Without being found to any specific theory, actin-sequestering peptides such as thymosin β4 (Tβ4) and other actin-sequestering peptides or peptide fragments containing amino acid sequence LKKTET, LKKTNT, or conservative variants thereof, promote treatment of microbial infections and gastrointestinal disorders. Without being bound to any particular theory, these peptides may have the capacity to promote repair, healing and prevention by having the ability to induce terminal deoxynucleotidyl transferase (a non-template directed DNA polymerase), to decrease the levels of one or more inflammatory cytokines or chemokines, and to act as a chemotactic and/or angiogenic factor for endothelial cells and thus treat damage caused by microbial infections and gastrointestinal disorders. Actin-sequestering peptides such as thymosin beta 4 (T4 or TB4) and other agents including actin-sequestering peptides or peptide fragments containing amino acid sequence LKKTET or LKKTNT or conservative variants thereof, promote reversal or at least partial prevention of respiratory infection of respiratory tissue.

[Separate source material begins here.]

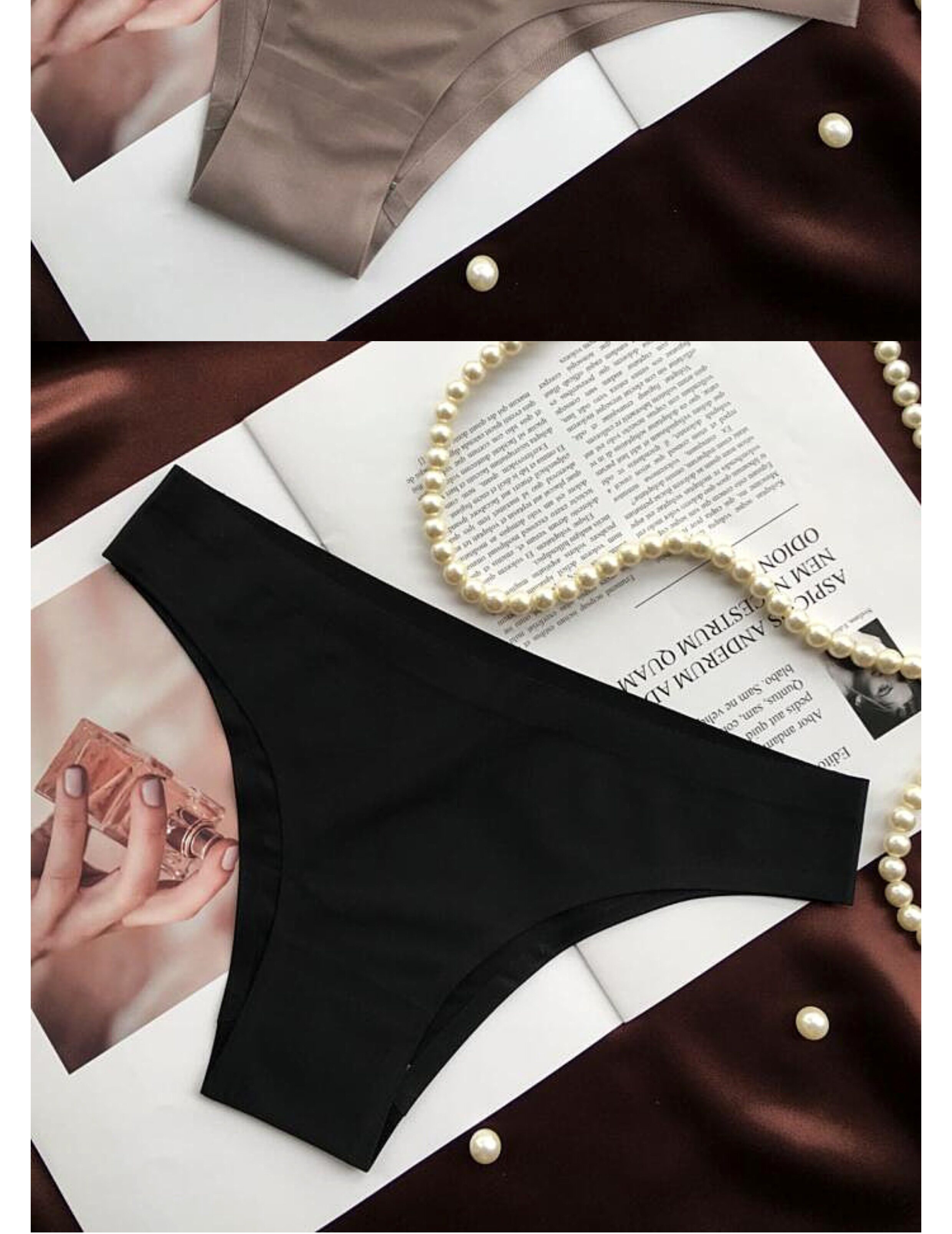 Luxurious European and American Style High-End Low-Waist Underwear for Women, One-Piece Seamless Glossy Thong T-Pants, Silky Adhesive Shorts

In certain embodiments, a respiratory or pulmonary infection treated in accordance with the present invention is a bacterial infection, more preferably a gram-negative bacterial infection, such as a Pseudomonas aeruginosa respiratory infection.

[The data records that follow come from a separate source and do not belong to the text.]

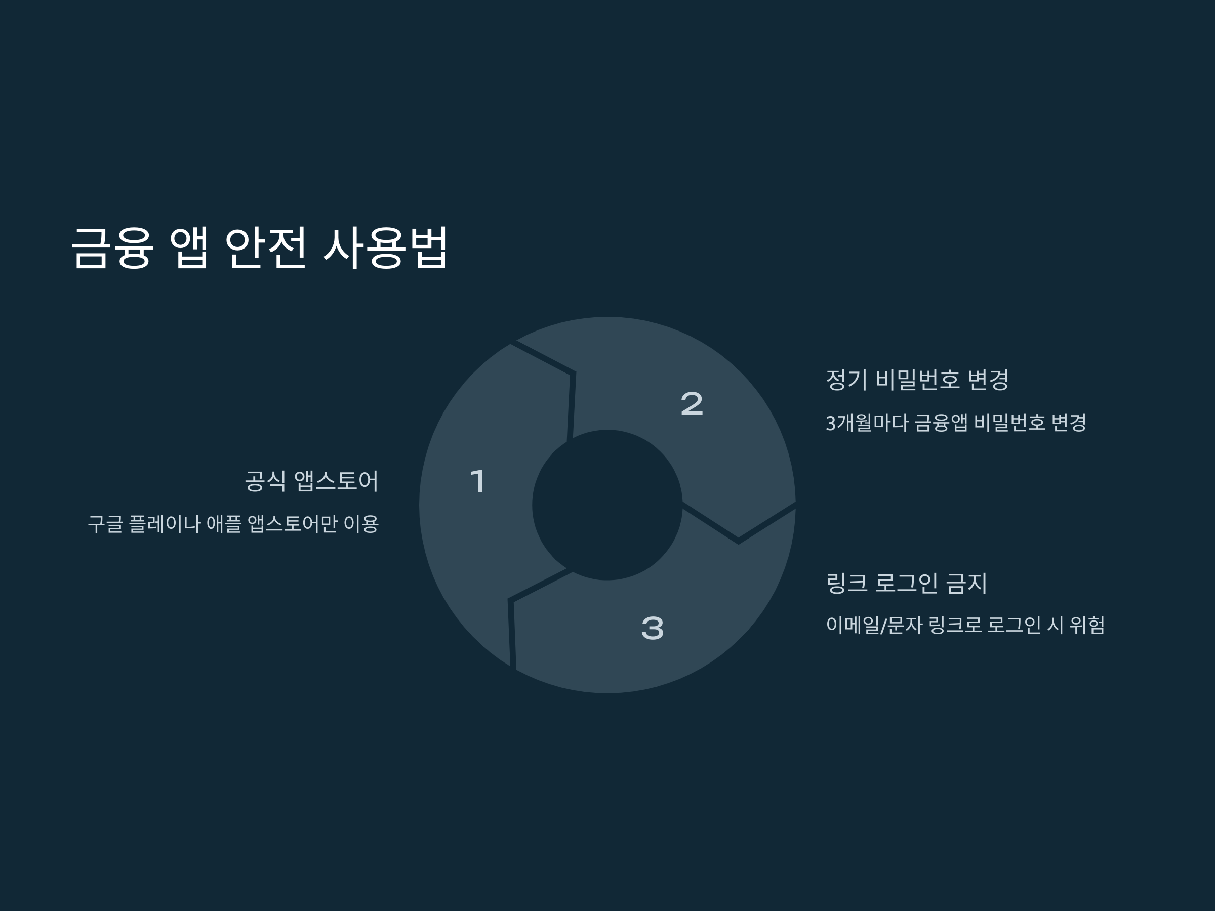 - 공식 앱스토어에서만 금융 앱 설치: 구글 플레이스토어나 애플 앱스토어에서 제공하는 공식 금융 앱만 설치해야 합니다.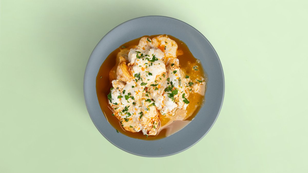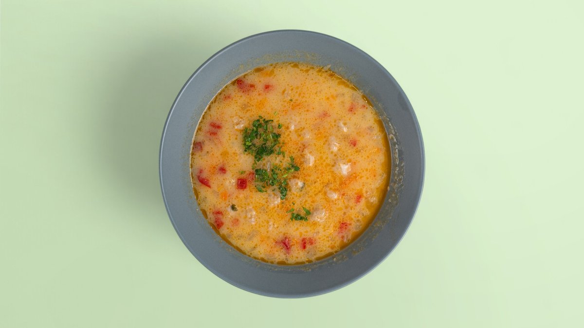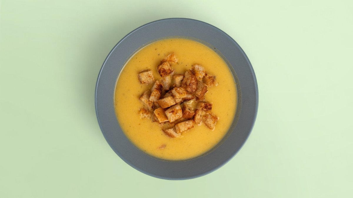 Доматена крем супа с фета сирене и домашно приготвени крутони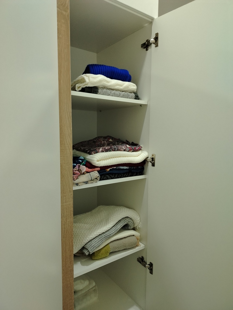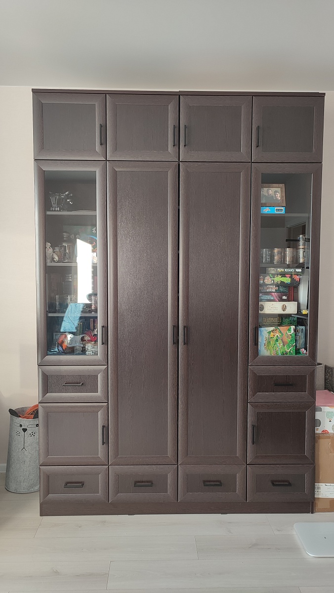 Отличный шкаф. Сделан качественно. Благодаря подобранным размерам получился очень вместительным. Изготовление и доставка заняли всего неделю. Был брак детали одного из ящиков. Лицевая стенка, к которой крепится фасад, имела кромку с нижней, не лицевой стороны (со стороны дня), а верхняя, которую видно при открытии ящика была без кромки. После обращения в поддержку, в течение двух дней привезли новую деталь.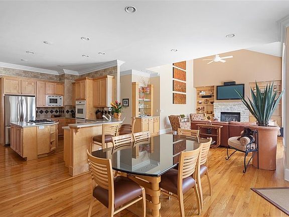 - Kitchen Features: Breakfast Bar, Cabinets Stain, Eat-in Kitchen, Pantry, View to Family Room, Kitchen Island, Breakfast Room, Solid Surface Counters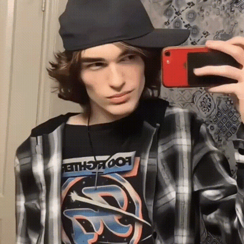 Ehren Craigthecrow takes a mirror selfie, wearing a black hat and plaid shirt.

A subject being treated in accordance with the present invention preferably is mammalian, most preferably human.

Thymosin 4 was initially identified as a protein that is up-regulated during endothelial cell migration and differentiation in vitro. Thymosin 4 was originally isolated from the thymus and is a 43 amino acid, 4.9 kDa ubiquitous polypeptide identified in a variety of tissues. Several roles have been ascribed to this protein including a role in a endothelial cell differentiation and migration, T cell differentiation, actin sequestration, vascularization and wound healing.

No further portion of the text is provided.